◆ **Aim of the task**: Output the entries exactly. Start at the first line, finish with the line containing "1.活动期间击杀指定数量的怪物即可获得奖励", and omit the pictures.

= = = =

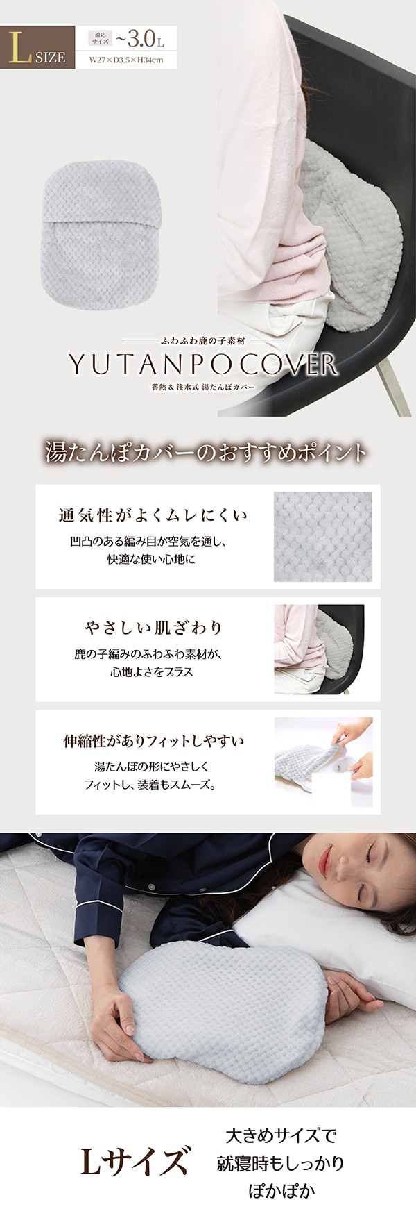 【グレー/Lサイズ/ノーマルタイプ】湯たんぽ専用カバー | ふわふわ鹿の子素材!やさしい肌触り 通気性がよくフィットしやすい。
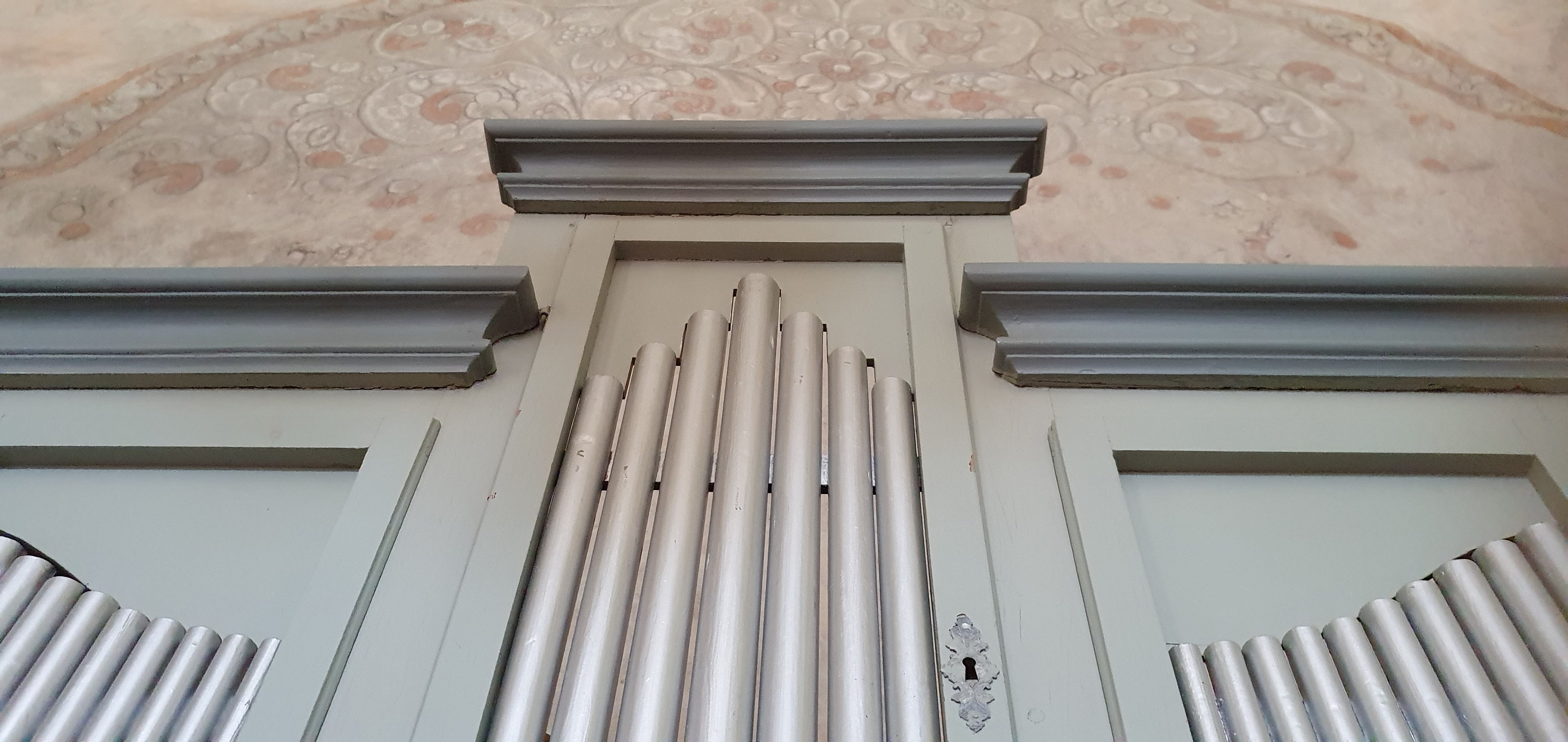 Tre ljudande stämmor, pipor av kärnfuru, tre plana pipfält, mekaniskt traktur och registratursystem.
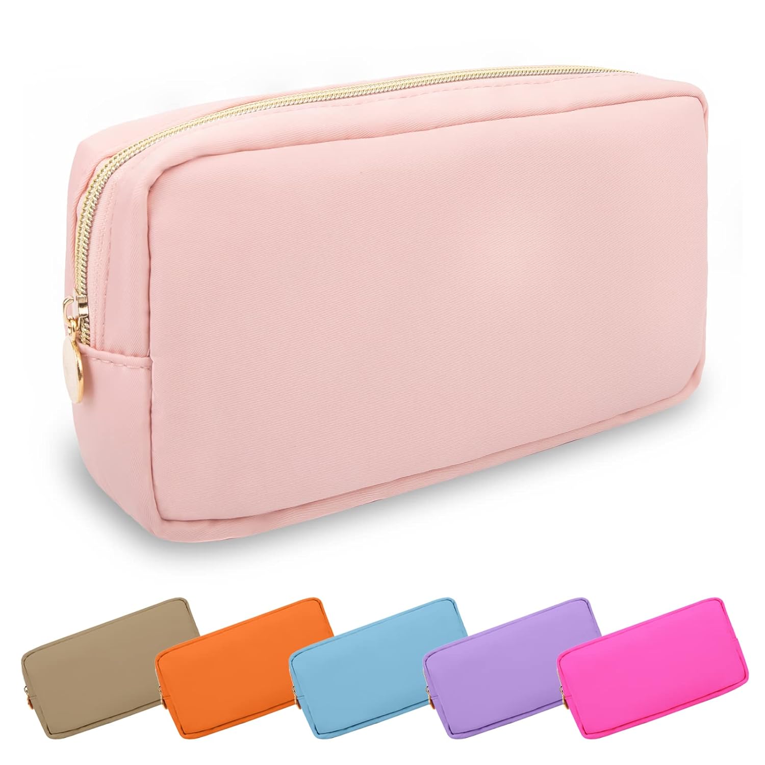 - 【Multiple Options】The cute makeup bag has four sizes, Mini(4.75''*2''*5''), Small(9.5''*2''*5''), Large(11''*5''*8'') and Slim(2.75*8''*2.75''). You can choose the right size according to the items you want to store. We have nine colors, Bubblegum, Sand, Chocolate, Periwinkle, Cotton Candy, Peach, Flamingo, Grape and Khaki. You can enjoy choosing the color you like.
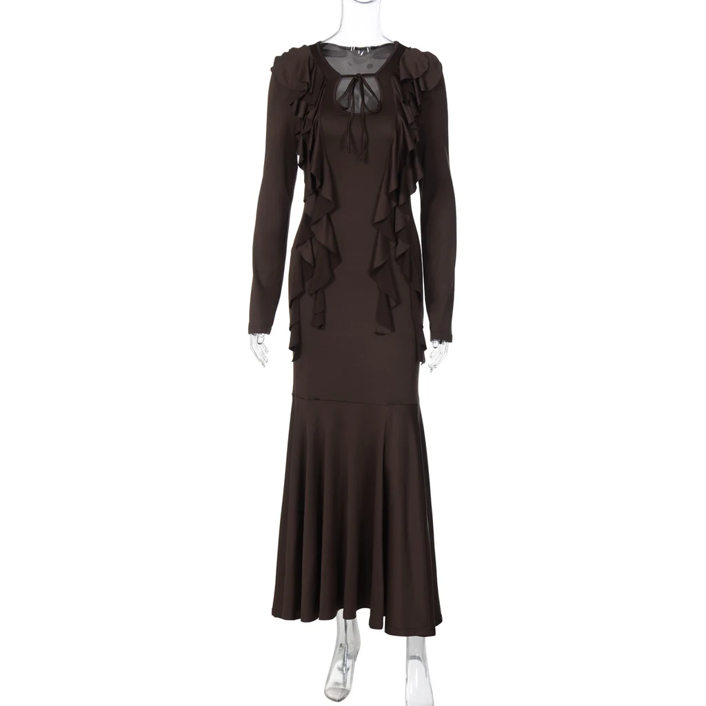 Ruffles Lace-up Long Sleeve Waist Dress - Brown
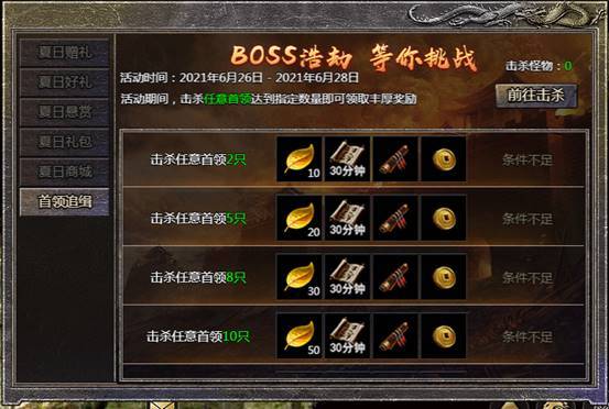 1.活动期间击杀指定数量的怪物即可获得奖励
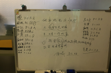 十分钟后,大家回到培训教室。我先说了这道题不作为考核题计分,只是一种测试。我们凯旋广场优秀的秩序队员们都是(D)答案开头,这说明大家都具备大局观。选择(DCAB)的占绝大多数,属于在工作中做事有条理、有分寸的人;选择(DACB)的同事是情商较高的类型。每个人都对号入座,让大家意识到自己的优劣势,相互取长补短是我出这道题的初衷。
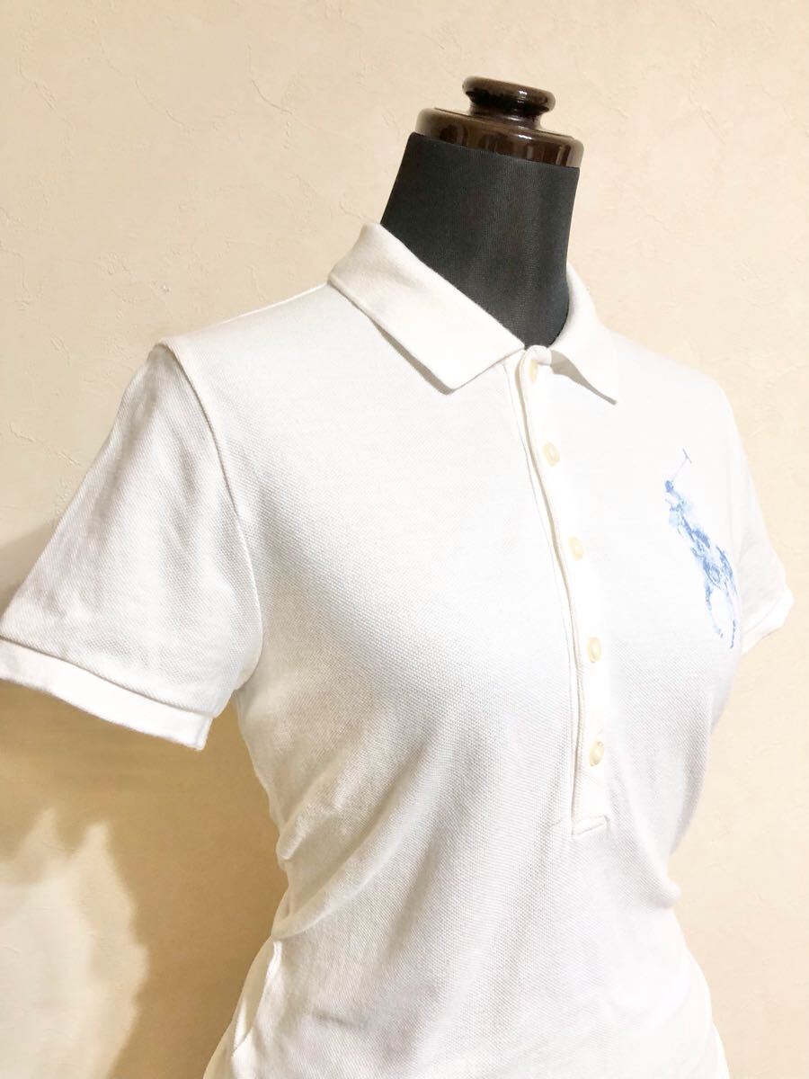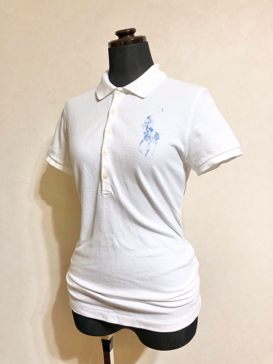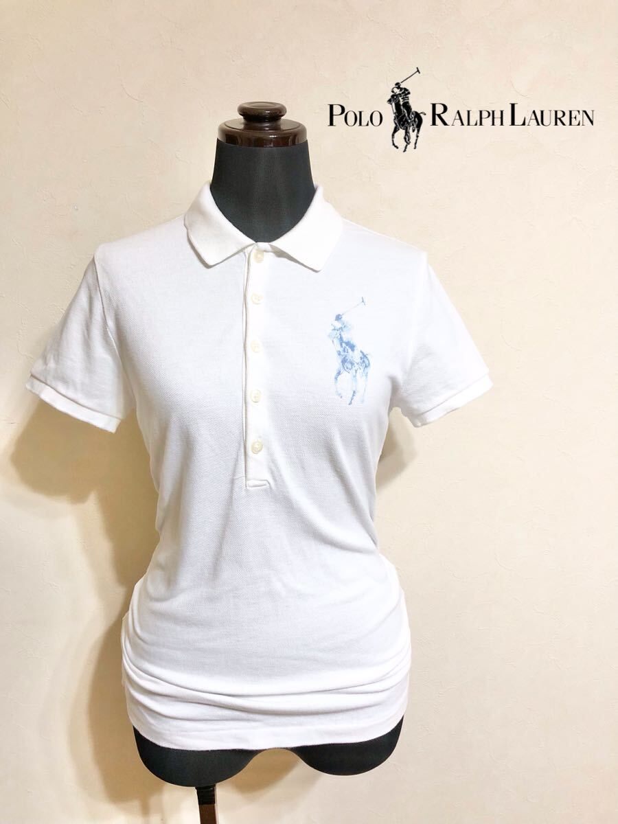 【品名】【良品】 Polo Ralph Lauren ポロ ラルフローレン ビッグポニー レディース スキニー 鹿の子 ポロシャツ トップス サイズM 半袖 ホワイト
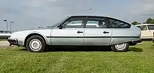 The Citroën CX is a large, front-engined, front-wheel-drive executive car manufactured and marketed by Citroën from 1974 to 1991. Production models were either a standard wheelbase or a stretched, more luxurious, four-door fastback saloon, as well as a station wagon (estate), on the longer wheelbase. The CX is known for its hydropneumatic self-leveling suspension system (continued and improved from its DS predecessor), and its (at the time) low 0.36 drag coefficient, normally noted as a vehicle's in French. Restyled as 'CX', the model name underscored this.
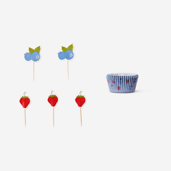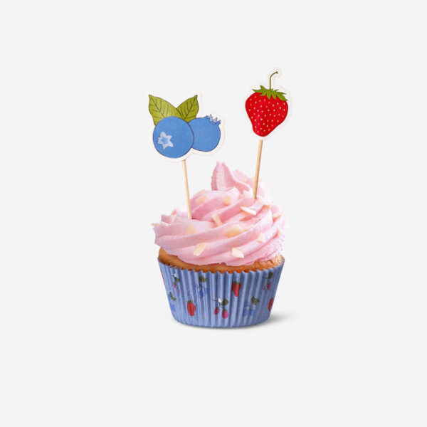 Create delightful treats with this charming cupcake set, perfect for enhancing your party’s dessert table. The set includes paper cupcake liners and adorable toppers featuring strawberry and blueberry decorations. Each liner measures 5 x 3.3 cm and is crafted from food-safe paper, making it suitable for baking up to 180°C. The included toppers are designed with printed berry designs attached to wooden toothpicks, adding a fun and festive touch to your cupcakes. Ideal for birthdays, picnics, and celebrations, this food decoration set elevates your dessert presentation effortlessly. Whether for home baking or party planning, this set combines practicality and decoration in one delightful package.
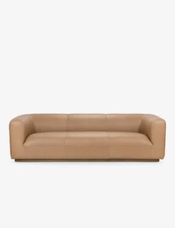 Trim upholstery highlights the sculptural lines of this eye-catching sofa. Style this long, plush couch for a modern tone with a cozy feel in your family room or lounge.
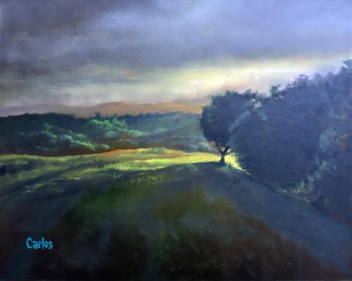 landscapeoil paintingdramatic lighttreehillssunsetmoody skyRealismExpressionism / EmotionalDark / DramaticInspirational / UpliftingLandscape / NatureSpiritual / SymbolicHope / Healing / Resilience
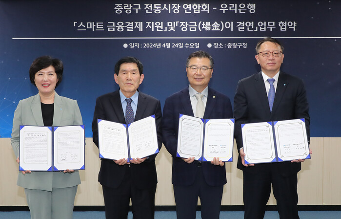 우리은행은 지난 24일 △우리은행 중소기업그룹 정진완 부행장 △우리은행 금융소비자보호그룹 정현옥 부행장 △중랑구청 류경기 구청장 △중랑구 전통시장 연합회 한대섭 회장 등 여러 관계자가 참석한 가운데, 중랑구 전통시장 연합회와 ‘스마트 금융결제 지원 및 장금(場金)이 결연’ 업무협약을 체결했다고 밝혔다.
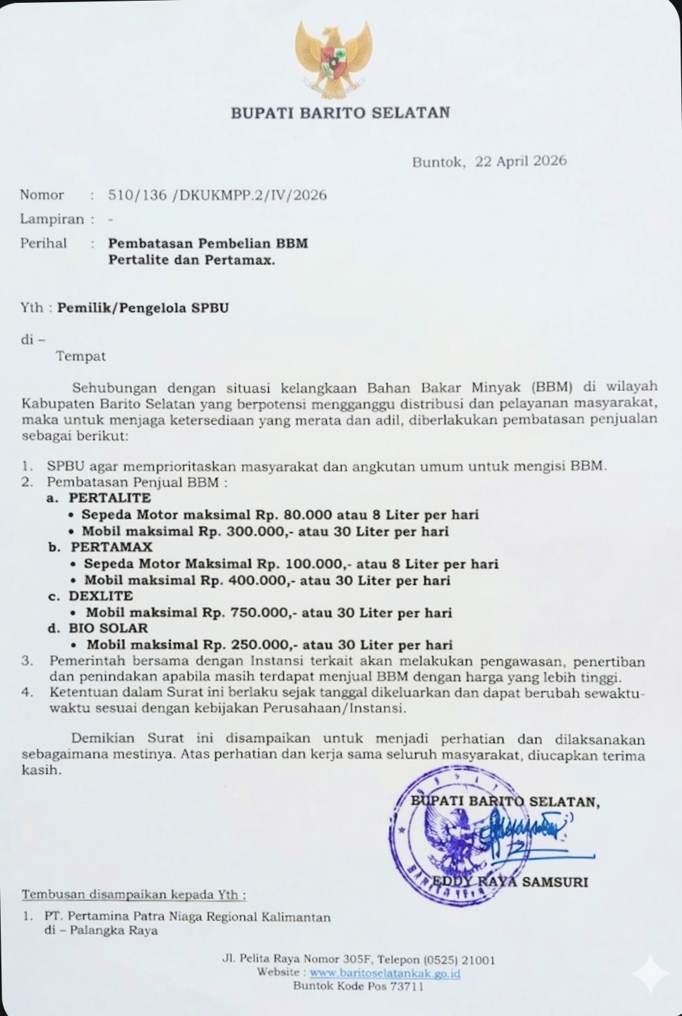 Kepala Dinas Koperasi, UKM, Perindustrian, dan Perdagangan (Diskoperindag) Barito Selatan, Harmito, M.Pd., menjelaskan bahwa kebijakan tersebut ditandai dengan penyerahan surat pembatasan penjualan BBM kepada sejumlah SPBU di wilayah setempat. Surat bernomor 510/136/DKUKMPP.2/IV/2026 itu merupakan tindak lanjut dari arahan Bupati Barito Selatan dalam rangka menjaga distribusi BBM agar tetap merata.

= = = =

◆ **Task answer**:
 【グレー/Lサイズ/ノーマルタイプ】湯たんぽ専用カバー | ふわふわ鹿の子素材!やさしい肌触り 通気性がよくフィットしやすい。
 Tre ljudande stämmor, pipor av kärnfuru, tre plana pipfält, mekaniskt traktur och registratursystem.
 - 【Multiple Options】The cute makeup bag has four sizes, Mini(4.75''*2''*5''), Small(9.5''*2''*5''), Large(11''*5''*8'') and Slim(2.75*8''*2.75''). You can choose the right size according to the items you want to store. We have nine colors, Bubblegum, Sand, Chocolate, Periwinkle, Cotton Candy, Peach, Flamingo, Grape and Khaki. You can enjoy choosing the color you like.
 Ruffles Lace-up Long Sleeve Waist Dress - Brown
 1.活动期间击杀指定数量的怪物即可获得奖励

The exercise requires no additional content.